Вдруг все насторожились. Сумерки не успели еще сгуститься. По траве, колебля ее, двигался какой-то зверь - медведь, росомаха, рысь. Движения в море травы были видны всем: Пикулев и Калмаев взяли топоры, а Махмутов, чувствуя себя джек-лондоновским героем, снял с плеча и взял на изготовку мелкокалиберку, заряженную жаканом, куском свинца для встречи медведя.

Но кусты кончились, и к нам, ползя на брюхе и виляя хвостом, приблизился щенок Генрих - сын убитой нашей суки Тамары.

Щенок отмахал двадцать километров по тайге и догнал нас. Посоветовавшись, мы прогнали щенка обратно. Он долго не понимал, почему мы так жестоко встречаем его. Но все же понял и снова пополз в траву, и трава снова задвигалась, на этот раз в обратном направлении.

Сумерки сгустились, и следующий наш день начался солнцем, свежим ветром. Мы поднимались по развилкам бесчисленных, бесконечных речушек, искали оползни на склонах, чтобы подвести к обнажениям Махмутова и геолог бы прочел знаки угля. Но земля молчала, и мы двинулись вверх по медвежьей тропе - другого пути не было в этом буреломе, хаосе, сбитом ветрами нескольких столетий в ущелье. Калмаев и Пикулев потащили палатку вверх по ручью, а я и геолог вошли в тайгу, нашли медвежью тропу и, прорубаясь сквозь бурелом, пошли вверх по тропе.
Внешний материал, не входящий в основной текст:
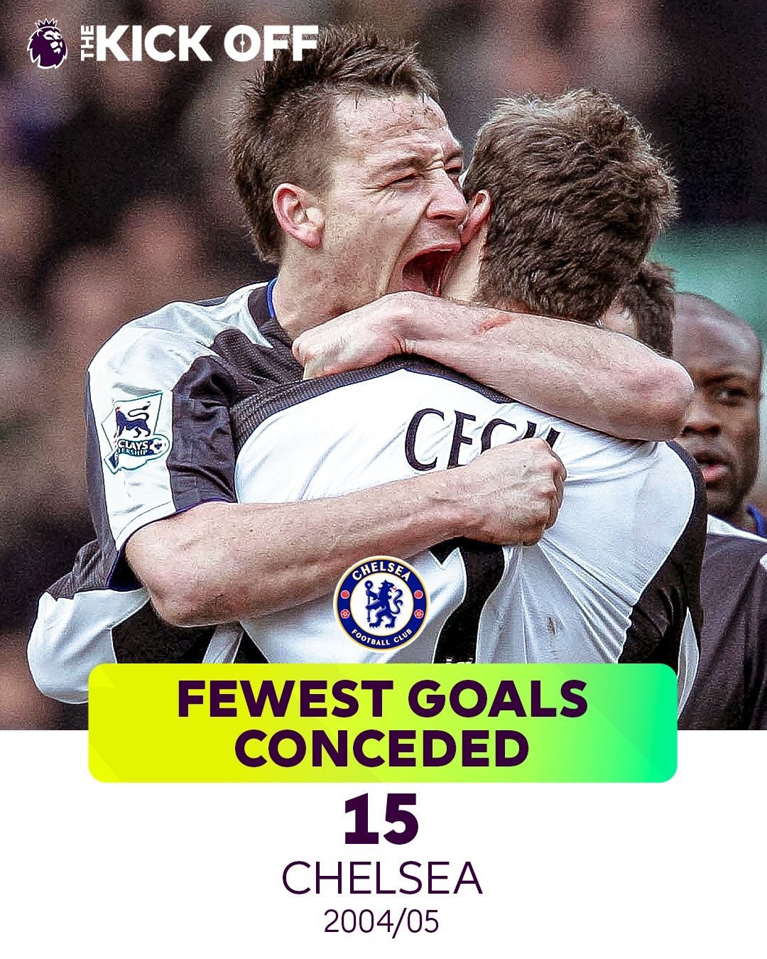 最少丢球:15球(切尔西2004-05赛季)
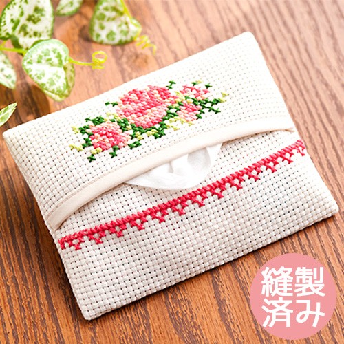 【 セット内容/素材 】 コスモ25番刺しゅう糸(綿100%)、ポケットティッシュケース(綿100%)、刺しゅう針(鋼)、図案付き作り方説明書
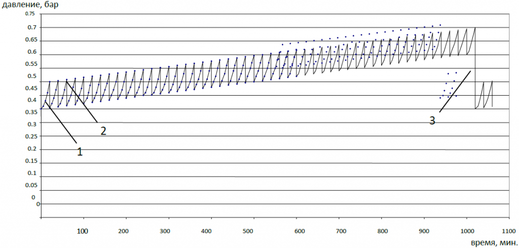 На циклограмме работы установки ультрафильтрации показано увеличение перепада давления в зависимости от времени и следующие рабочие процессы:1 – Процесс фильтрации. Во время цикла фильтрации на мембранах накапливается осадок и растет перепад давления. В данном примере, в течение 20 минут, перепад давления изменяется от 0,4 до 0,5;
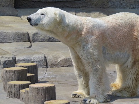 一昨日22日、メイン放飼場のアクバルです。丸太の欠けた部分を齧っ...
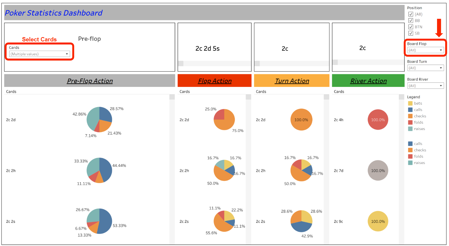 The above illustrates how organization and structure can be use to logically display the flow of the game from left to right, pre-flop to flop, turn and then river. With the use of select filters from the right pane, the dashboard is also able to allow some deepdive anaylsis into particular situations.
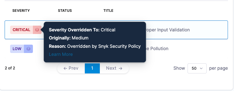 - Updated severity override logic in the Vulnerabilities tab to correctly reflect changes. For example, when a severity is overridden from medium to low by Snyk, the UI now displays the correct direction of the override (STO-9483).
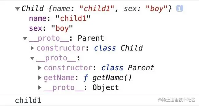 new Child('child1')创建child1的时候,会执行子类constructor中的方法,因此会执行super.getName(),而依靠准则一,此时的constructor中的第二个super指向的是父类的原型对象,因此此时super.getName()会被成功调用,并打印出'child1';(第一个super是当成函数来调用) - 当
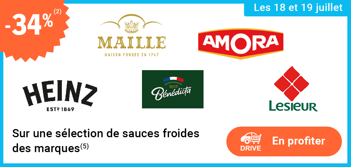 (5) Offre non valable sur les sauces crudités, vinaigrettes et moutardes.

Лиственницы были покрыты зеленью, запах хвои пробивался сквозь тонкий запах тленья умерших стволов - плесень тоже казалась весенней, зеленой, казалась тоже живой, и мертвые стволы исторгали запах жизни. Зеленая плесень на стволе казалась живой, казалась символом, знаком весны. А на самом деле это цвет дряхлости, цвет тленья. Но Колыма задавала нам вопросы и потруднее, и сходство жизни и смерти не смущало нас.

Тропа была надежная, старая, проверенная медвежья тропа. Сейчас по ней шли люди, впервые от сотворения мира, геолог с мелкокалиберкой, с геологическим молотком в руках и сзади я с топором.
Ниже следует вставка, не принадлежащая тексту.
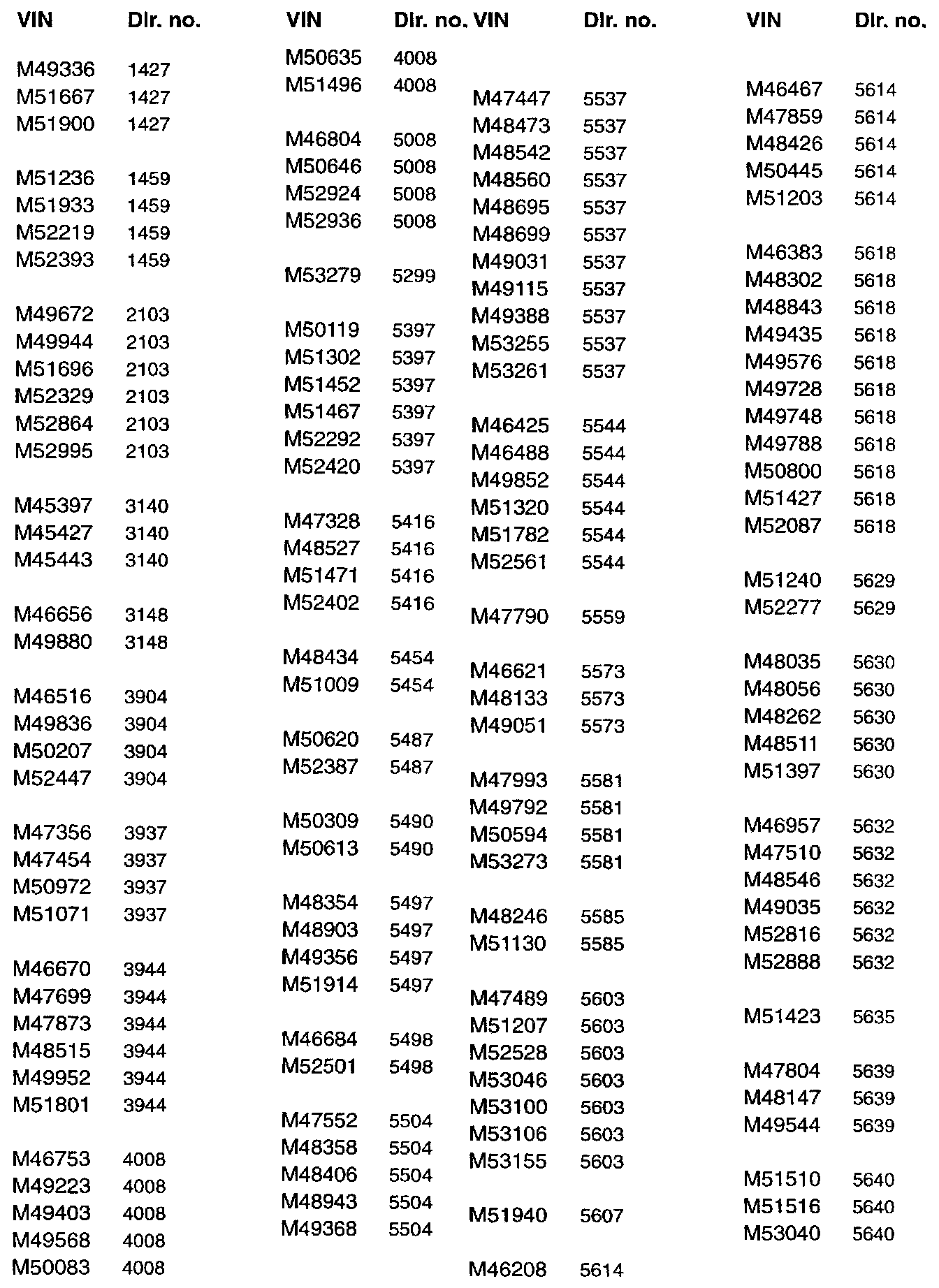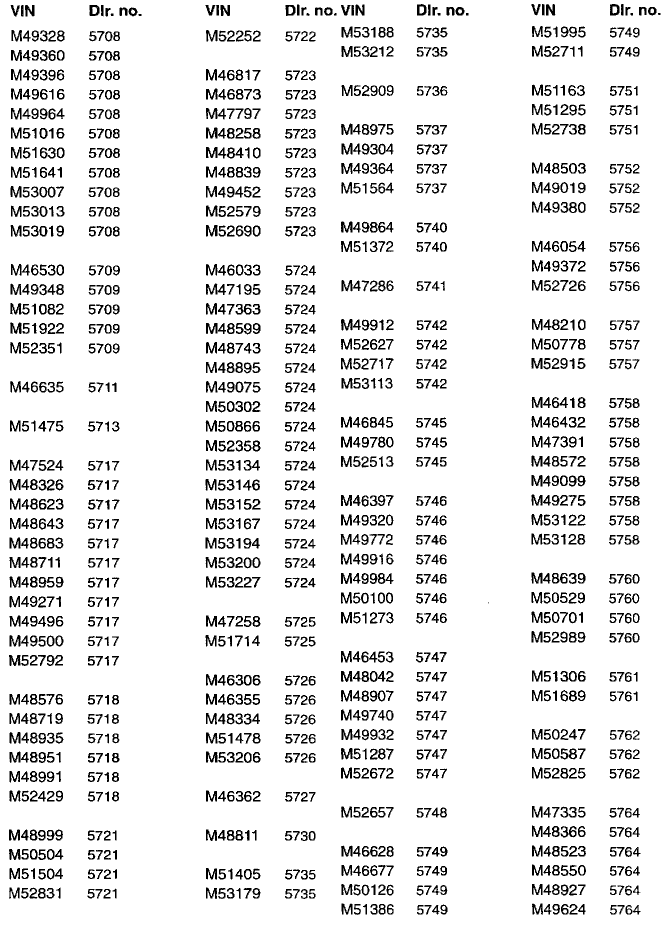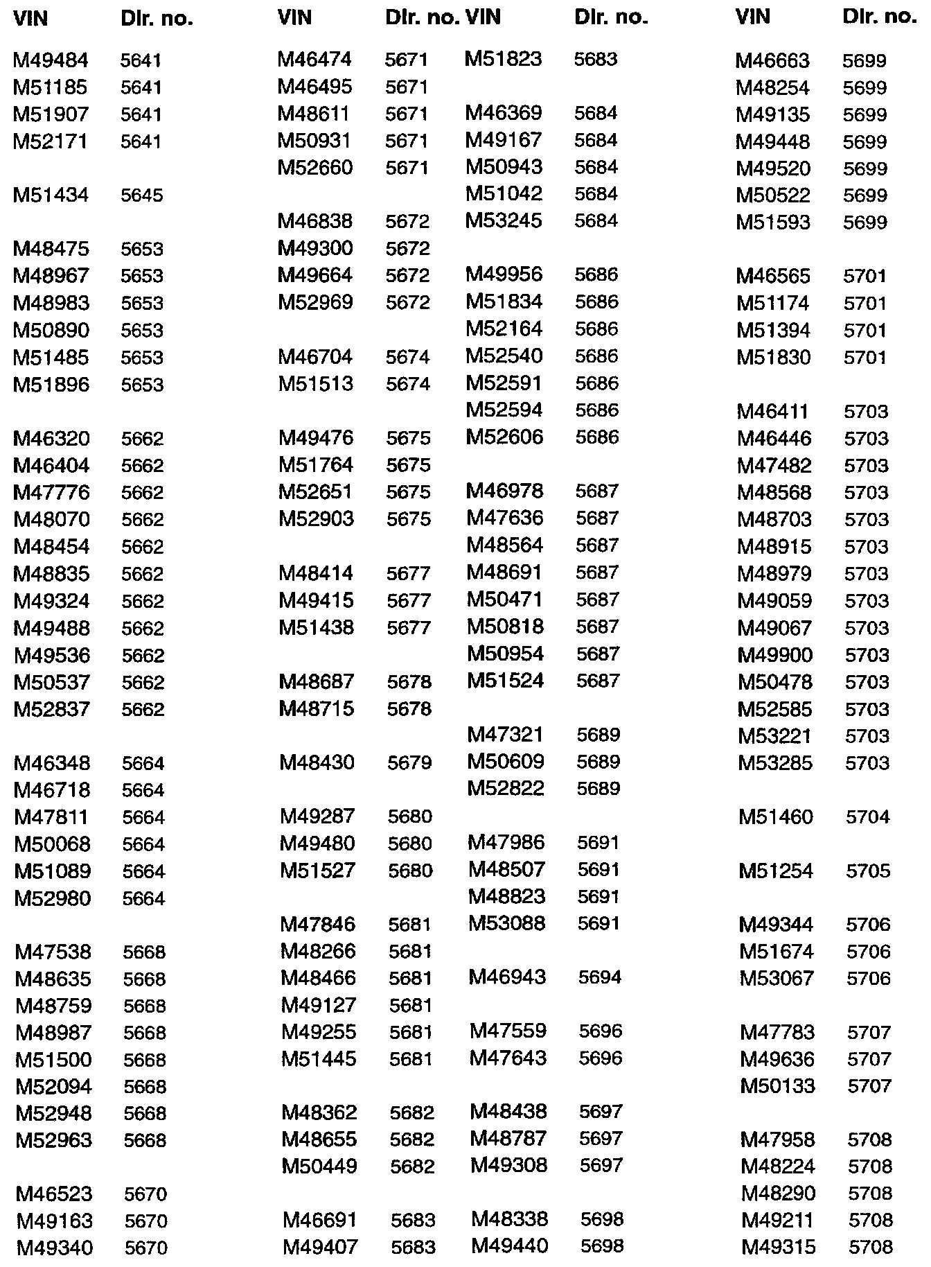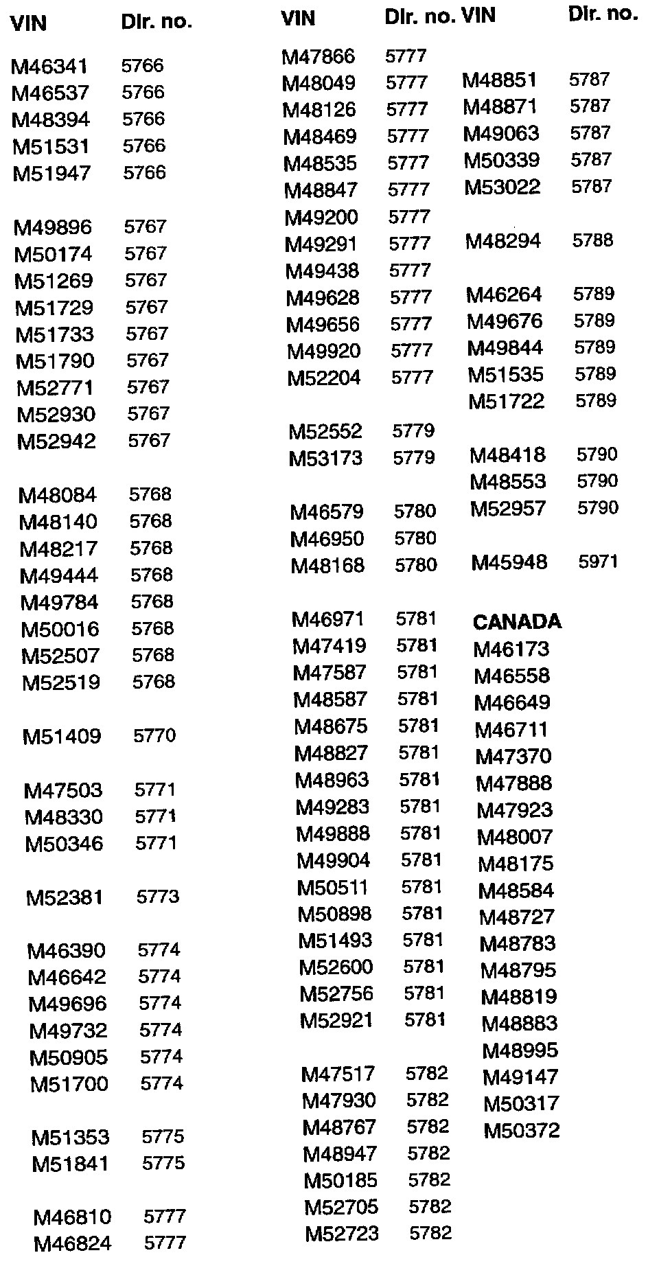 The vehicles identified by shading have not been allocated to dealers as of the date of this printing. Check your dealer records to determine if you may have received one of these vehicles since this bulletin was issued.

Была весна, цвели все цветы сразу, птицы пели все песни сразу, и звери торопились догнать деревья в безумном размножении рода.

Медвежью тропу перегораживал косой мертвый ствол лиственницы, огромный пень, дерево, верхушка которого была сломана бурей, сбита... Когда? Год или двести лет назад? Я не знаю меток столетий, да и есть ли они? Я не знаю, сколько на Колыме стоят на земле бывшие деревья и какие следы на пне год за годом откладывает время.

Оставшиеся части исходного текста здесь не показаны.